Das Gesicht des Spielers war auf den Boden gerichtet, als der Schläger den Ball berührte, eine Haltung, die sich der Mann einprägte. Für sein Vorhaben war jede Kopfstellung des Golfers in den einzelnen Schlagphasen von höchster Wichtigkeit. Denn nur wer die Bewegung eines Spielers präzise beschreiben kann, wird auf der Siegerstraße sein.

Es wäre noch besser, würde er selbst Golf lernen, um Schlagfehler bei anderen im Entstehen zu diagnostizieren und um scheinbar nur Sekunden stillstehende Posen aus der Bewegung der Schläger und des Körpers nachvollziehen zu können. Auf Deutsch heißt das, dass es gut wäre, würde er ein Golfinsider werden. Dann würde sein Projekt auf alle Fälle gelingen.

Der Beobachter fand seine Gedanken hervorragend, war sich aber im Klaren darüber, dass er sie verwerfen wird. Golf war kein Spiel für ihn. Außerdem fehlte das Geld hinten und vorn. Also musste er die Spieler auf dem Platz studieren. Vielleicht sogar Aufnahmen machen und ein bisschen in Golfbüchern herumschnüffeln.

Ja, das wäre sinnvoll.

Der Mann oben schaute noch einmal durchs Fernglas. Er sah einen weiteren Golfer weit vor der Sandkuhle, sein Caddie stand zehn Meter von ihm entfernt. Der Beobachter nahm wahr, wie sich der Golfer in Position stellte und den Golfball wegschlug. Die durch den Schlag getroffene Kugel sauste über die Sandkuhle hinweg. Dann gewann der Ball an Höhe und senkte sich nach circa zweihundert Metern.

„Super Schlag!", rief der Junge begeistert.

Der Golfer winkte ab, was wohl bedeutete, dass er nicht gut gewesen sein wird.
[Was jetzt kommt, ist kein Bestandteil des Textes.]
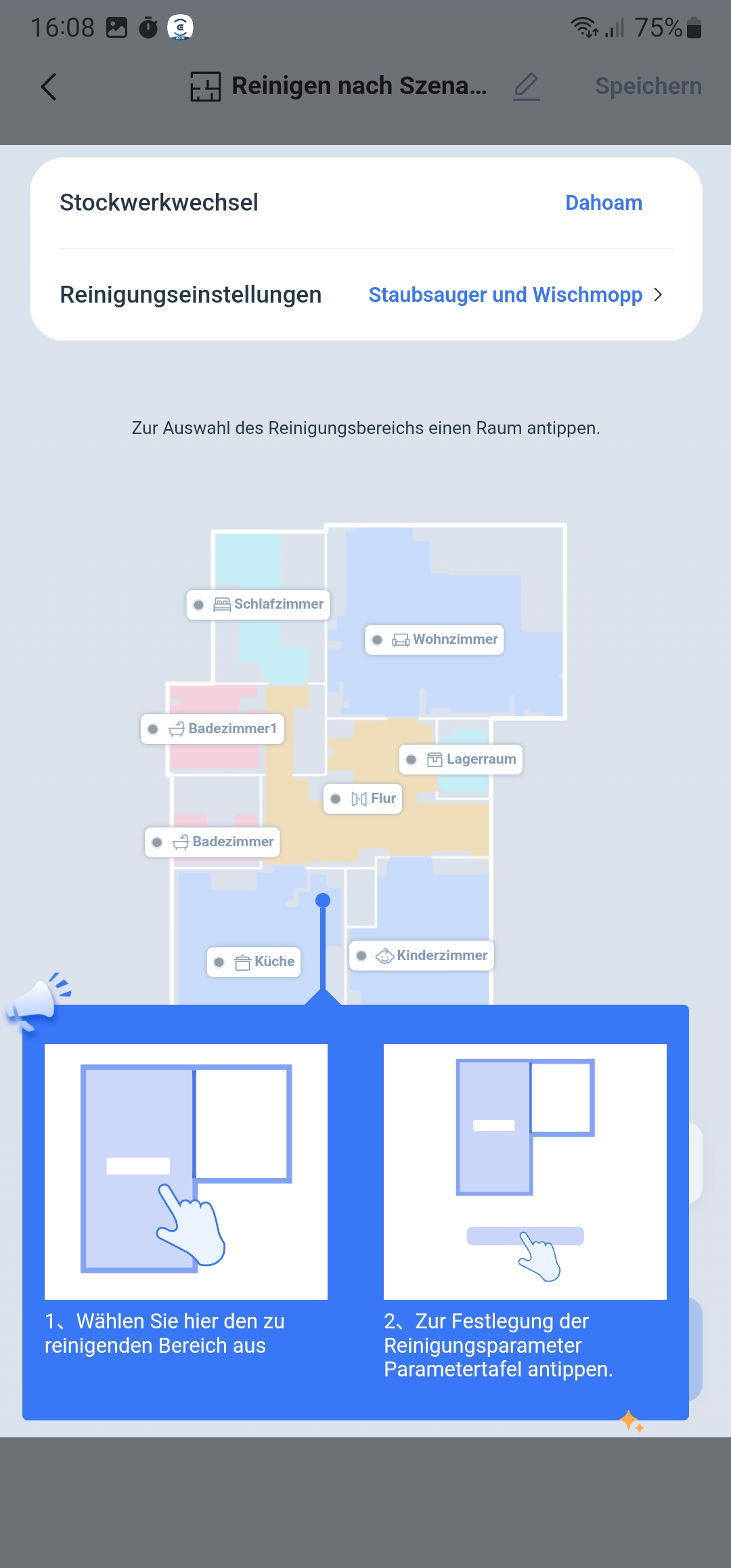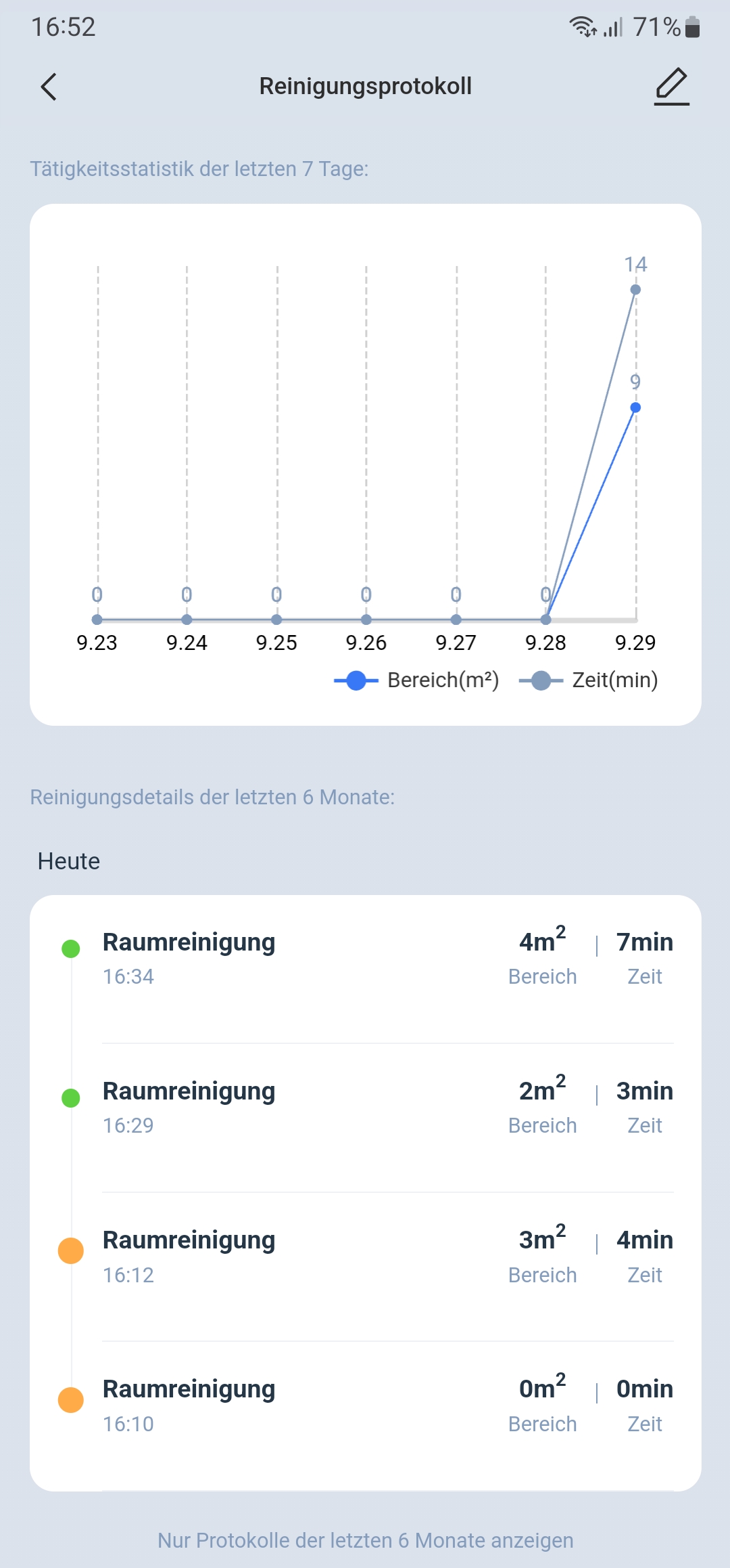| Staubsaugen & wischen | Maximal+ | standard | mittel | 13m² | 14 Minuten | 23% | 61 Minuten |

Dann machten sich die beiden auf den Weg, dem Ball hinterher, nachdem der Caddie den Schläger wieder im Beutel versenkt hatte.

Vorweg der Spieler, fünf Meter dahinter der Begleiter mit der Karre.

Verrückt, wie viele von diesen Eisen im Golfsack steckten?

Eisen? Er hatte keine Ahnung. Es hätte auch Holz sein können. Aber die Schlagfläche muss Metall sein!

Warum tausend Schläger?

Was das wohl sollte?

Wahrscheinlich hatte der Kerl zu viel Geld und kaufte sich ständig neue. Spielte er Golf, sinnierte er, dann brauchte er nur einen!

Immer noch keine Konversation zwischen den beiden auf dem Rasen.

Genau das war es, was den Beobachter wütend machte.

Das Golfpaar war inzwischen schon mehr als hundert Meter vom Bunker entfernt und hatte kein Wort miteinander gewechselt. Ein gutes Fernglas offenbart Wahrheiten, sagte er sich und schmunzelte. Dann setzte er es ab. Es hing an einer Schnur um den Hals; so hatte er die Hände für seinen Fotoapparat frei. Er hatte an alles gedacht.

Ein Blick nach links zur Seite genügte, die Umrisse neuer Spieler, gerade hinter einem Busch verschwindend, auszumachen. Es waren zwei, die offensichtlich zusammengehörten. Merkwürdig, dachte er, immer war er davon ausgegangen, dass man Golf allein spielt. Ist auch egal.

Plötzlich entspannten sich seine Gesichtszüge und seine körperliche Haltung wurde locker. Ursache war ein Geistesblitz!

Seine Lippen deuteten ein verklärtes Schmunzeln an.

Ja, das war es!

Nun wusste er und konnte es wirksam begründen, warum er Golf ablehnen musste.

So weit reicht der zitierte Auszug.